Doyle was looking from one to the other of us. "What have we agreed to?"

"I'm going to play hors d'oeuvre for the Goblin King," Rhys said.

Doyle's black-on-black eyebrows raised up nearly to his hairline. "I have missed something."

"Rhys is going to help me negotiate with Kurag," I said.

"Help how?" Doyle asked.

Rhys dropped the robe off one pale shoulder, flashing down to one tight nipple. He grinned and shrugged back into the robe.

Doyle raised dark eyebrows. "Do not take this in a spirit in which it is not meant, but you have been a stumbling block to our work with Kurag. He has chided you, fully clothed, and you have practically foamed at the mouth like an ill-used dog. What makes you believe you can do..." He seemed to be searching for a word. He finally settled for, "What makes you believe you can stand up to Kurag's teasing on this day?"

"Today, I'll be teasing back. Merry said that Kurag is like a schoolyard bully, and she's right. Besides, if Merry can do it, so can I." He looked suddenly fierce again.
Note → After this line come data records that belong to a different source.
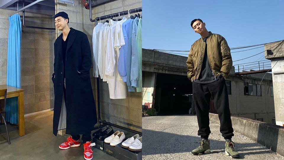 朴敘俊IG時尚5:街頭風,墨綠色外套+黑色運動褲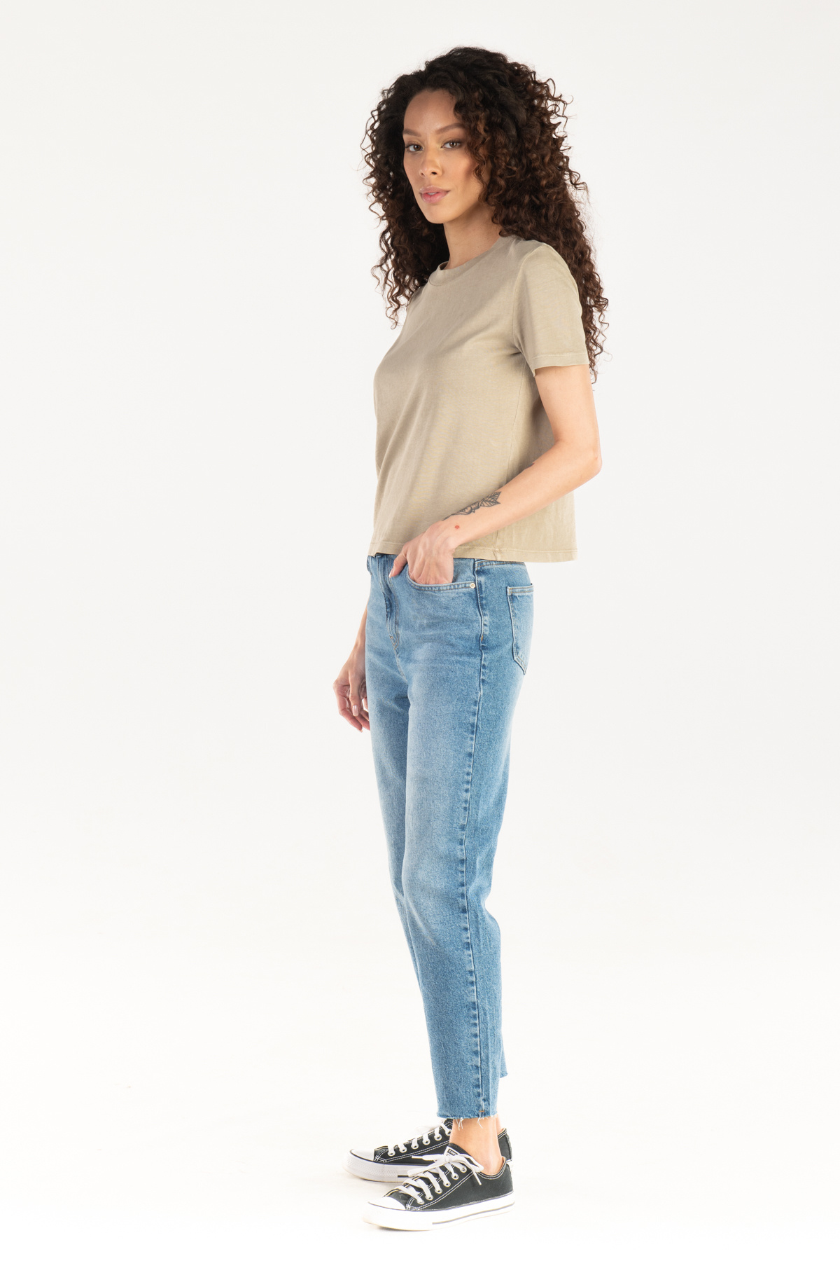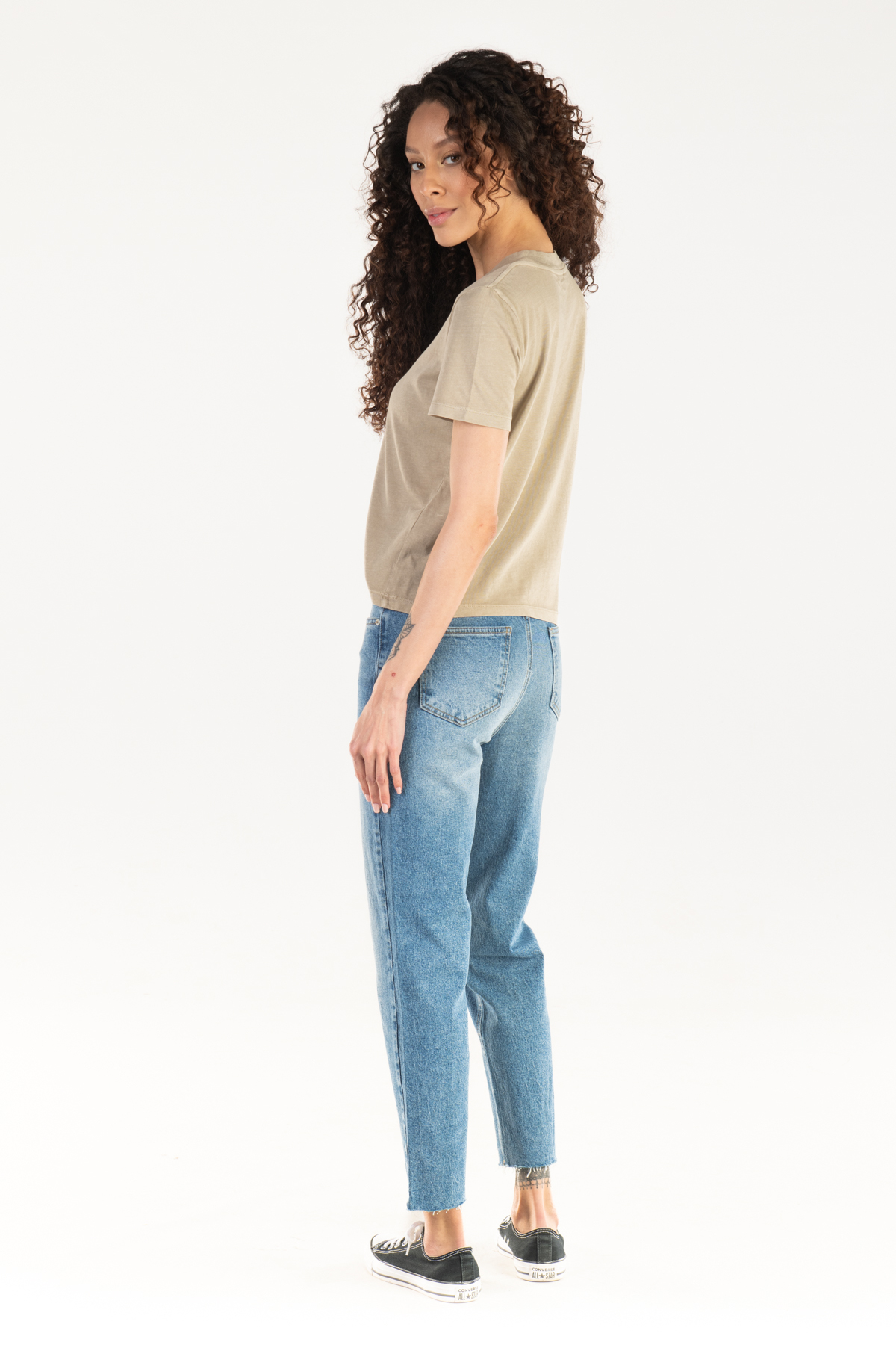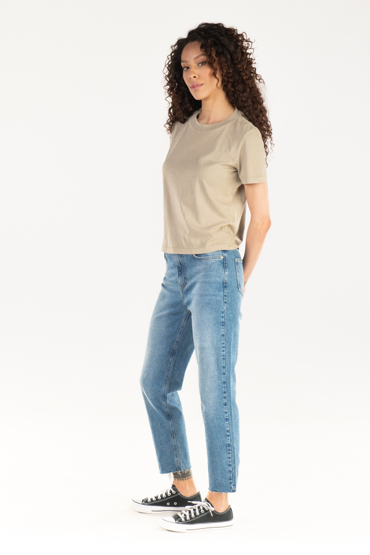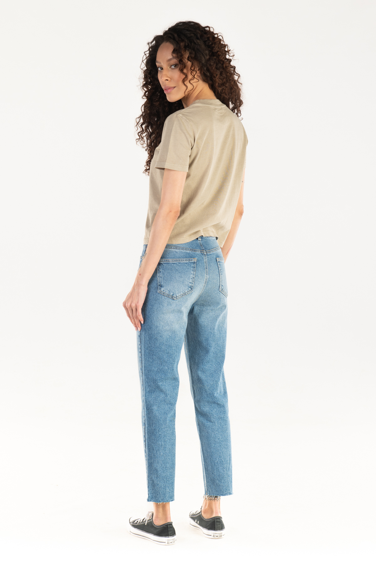 Mom jeans give it a modern and trendy look thanks to its silhouette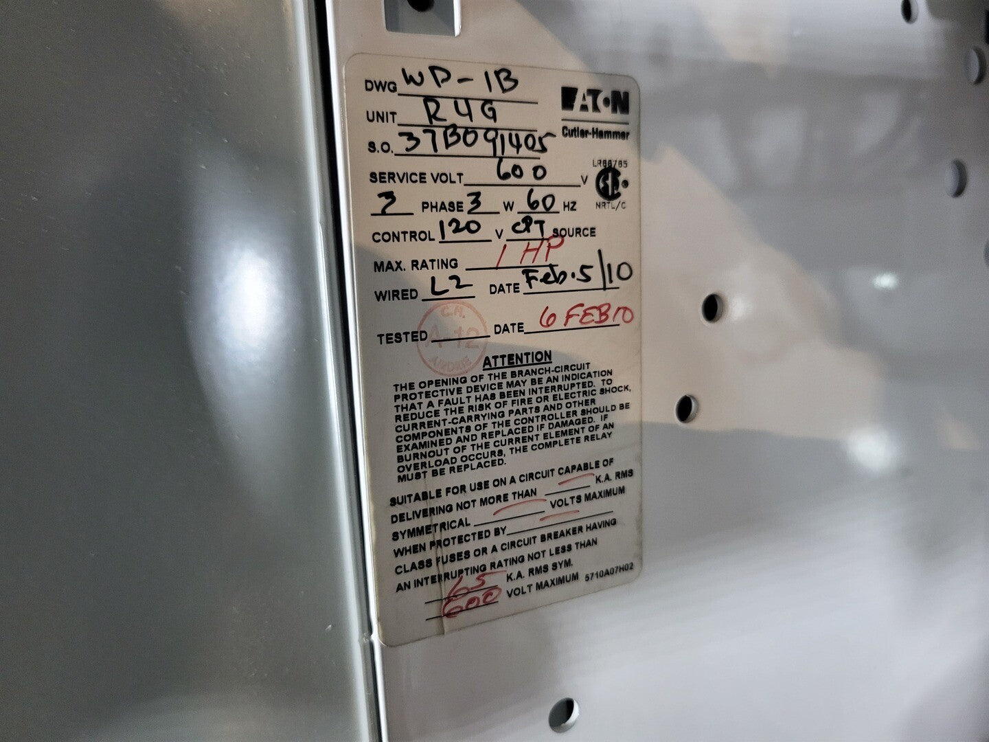 Circuit Breaker Maker: Eaton Model: HMCP Voltage: 600V Amps: 3 amps Poles: 3 Ground Fault Relay Maker: Eaton Model: D64RPB30 Overload relay: 24-240 Vac/dc Motor Saver Electronic Overload Relay Maker: Eaton Model: E777-575-LR Voltage: 450-600VAC Phase: 3 Transformer Maker: MCi Model: 5576-14-120-00 VA: 150VA Primary: 600V Secondary: 120V Devicenet Module Maker: Eaton Model: EC10-120-DN Inputs: 115VAC Contactor Maker: Eaton Model: CN15DN3 Amp: 27 Size: NEMA 1 |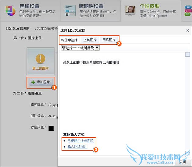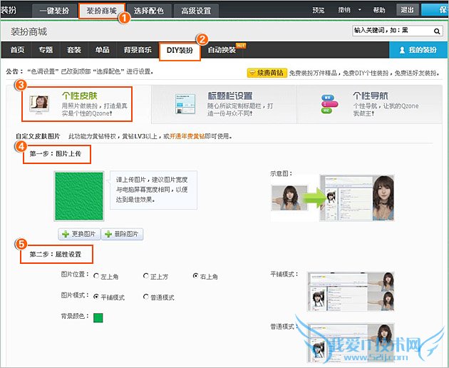 登录QQ空间,点击“装扮”---->装扮商城---->“DIY装扮”---->“装扮设置”---->个性皮肤--->“图片上传”---->“属性设置”;按照提示进行操作即可;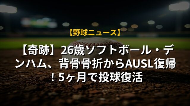 【奇跡】26歳ソフトボール・デンハム、背骨骨折からAUSL復帰!5ヶ月で投球復活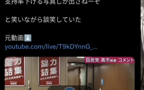 先日の記事高市総裁会見前「支持率下げてやる」発言問題についてで、発言したのは時事通信のカメラマンだったことが判明したそうです。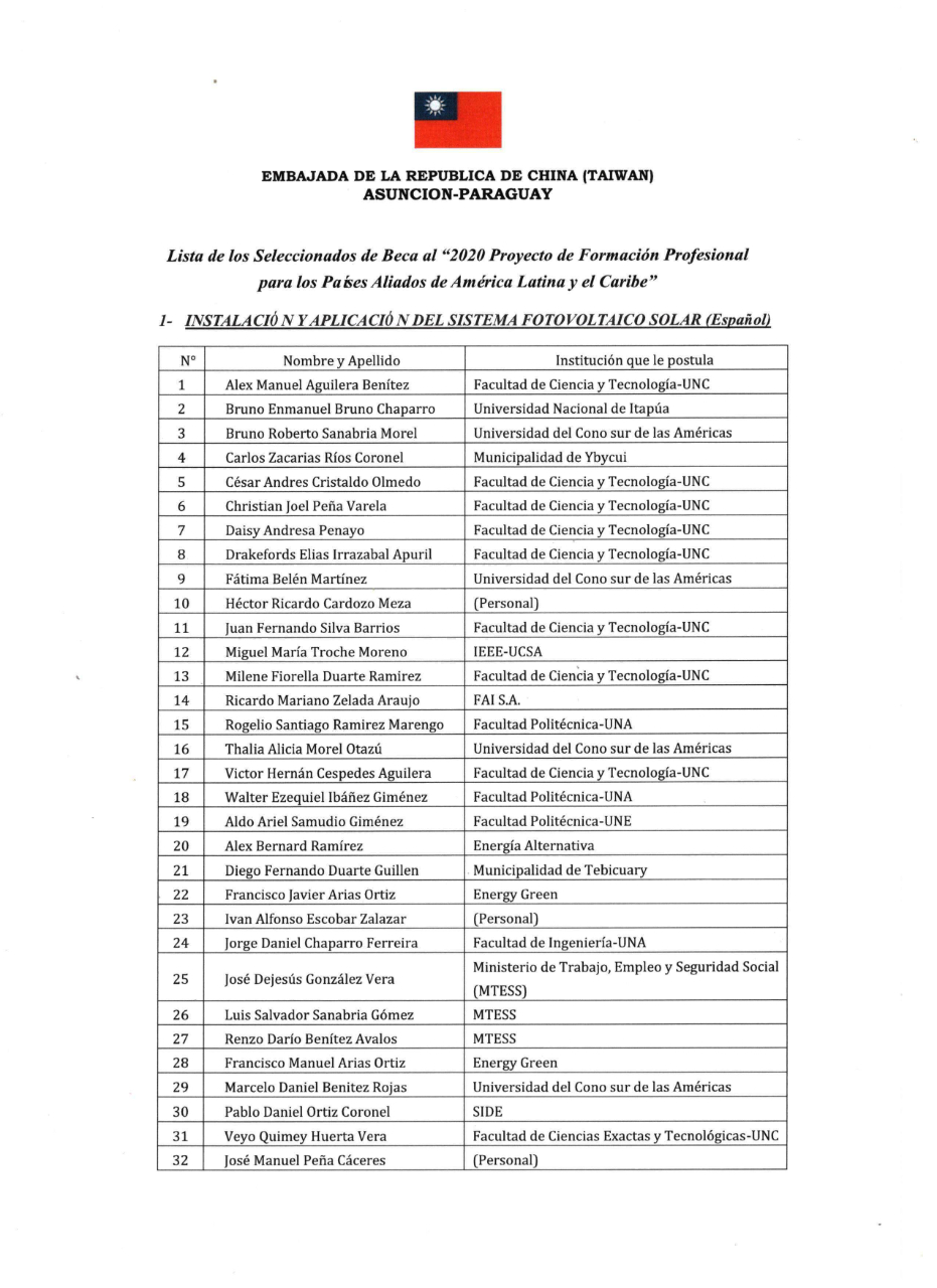“2020年拉丁美洲與加勒比海友邦技職訓練計畫” 巴拉圭初選名單揭曉 - 駐巴拉圭共和國大使館 Embajada de la República de China (Taiwán) en la República del Paraguay ::: 跳到主要內容區塊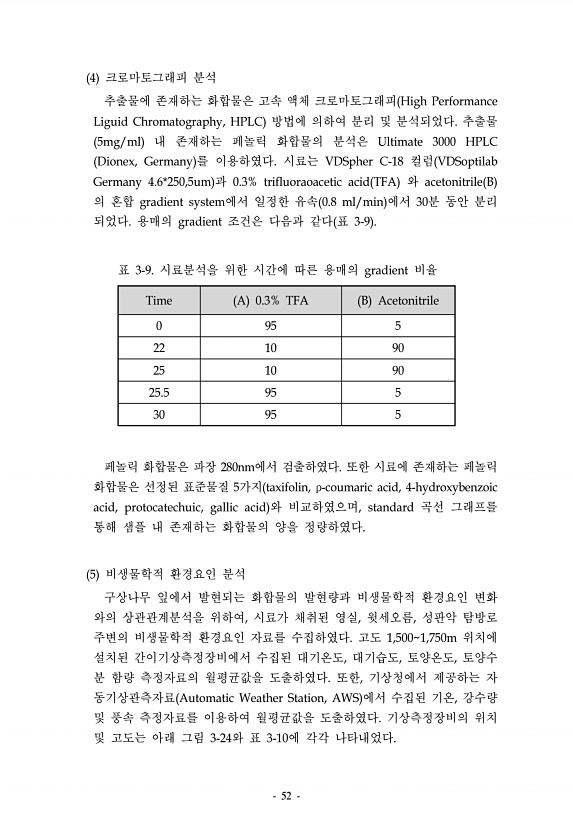 52 4 크로마토그래피 분석 추출물에 존재하는 화합물은 고속 액체 크로마토그래피 High Performance Liguid Chromatography, HPLC 방법에 의하여 분리 및 분석되었다. 추출물 5mg/ml 내 존재하는 페놀릭 화합물의 분석은 Ultimate 3000 HPLC Dionex, Germany 를 이용하였다. 시료는 VDSpher C-18 컬럼 VDSoptilab Germany 4.6*250,5um 과 0.3% trifluoraoacetic acid TFA 와 acetonitrile B 의 혼합 gradient system에서 일정한 유속 0.8 ml/min 에서 30분 동안 분리 되었다. 용매의 gradient 조건은 다음과 같다 표 3-9 Time A 0.3% TFA B Acetoni...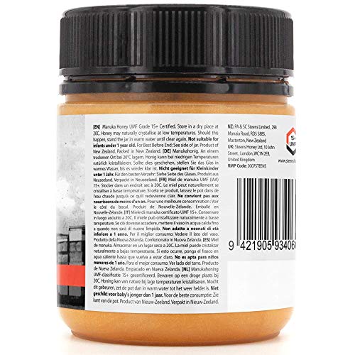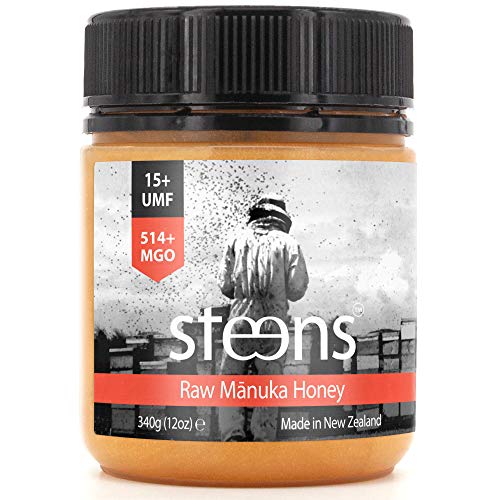 Steens Manuka Honey MGO 515+ – 340 g rein roher 100% zertifizierter UMF 15+ Manuka Honig – abgefüllt und versiegelt in Neuseeland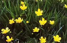 Ranunculus alismifolius is a species of buttercup known by the common name plantainleaf buttercup.[1] It is native to western North America from British Columbia to California to Colorado, where it grows in moist mountain habitat such as meadows, streambanks, and bogs, becoming common to abundant in some places. It is somewhat variable in appearance and there are several varieties which can be hard to tell apart. In general the plant is a perennial herb producing a few usually upright to erect, branching stems from a fleshy, fibrous root system. It can be up to half a meter tall, or it can remain quite short and clumpy. The leaves vary in shape, the lower ones with oval blades and the upper linear to lance-shaped, all borne on long petioles. The inflorescence bears one or more flowers, each on a long pedicel. The flower has up to 12 yellow petals and many yellow stamens and pistils at the center. The fruit is an achene, borne in a spherical cluster of 12 or more.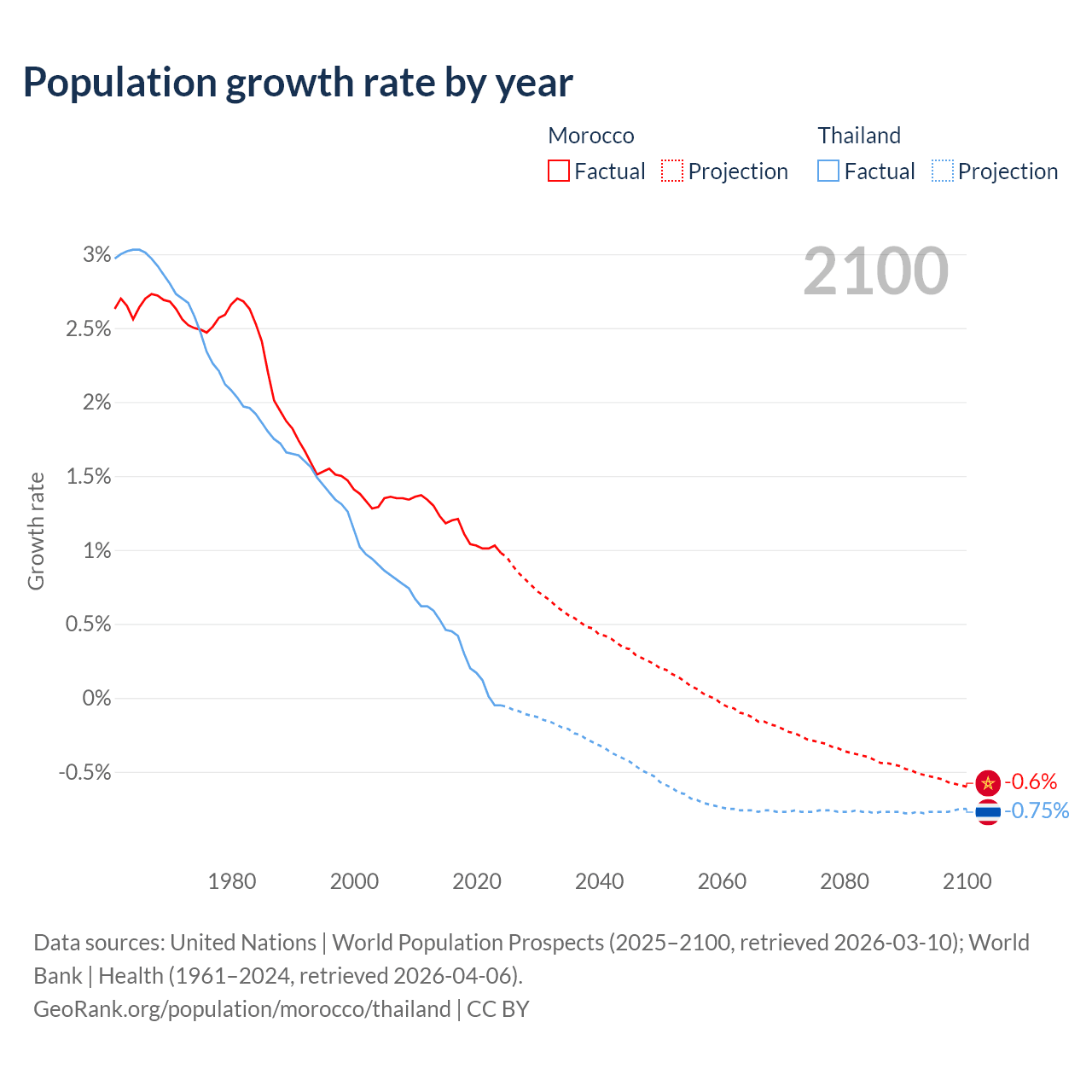 - For the last 10 years, Morocco has had an average growth rate of +1.09% per year vs +0.23% in Thailand.

All the humor had gone, leaving his face bleak. "Though I'd much rather kill goblins than negotiate with them."

"Funny," Doyle said, "that's exactly what King Kurag said about the sidhe only moments ago."

"Perfect," I said. "Let's all go and irritate each other."

Doyle led the way down the hallway. He looked terribly nude from the back. I realized that Kurag would have more than just Rhys and I to ogle. I wondered if Doyle thought of himself as a potential sex partner, or as a meal? I guess that all depended on how Kurag felt about sidhe men, and if he preferred dark meat to light.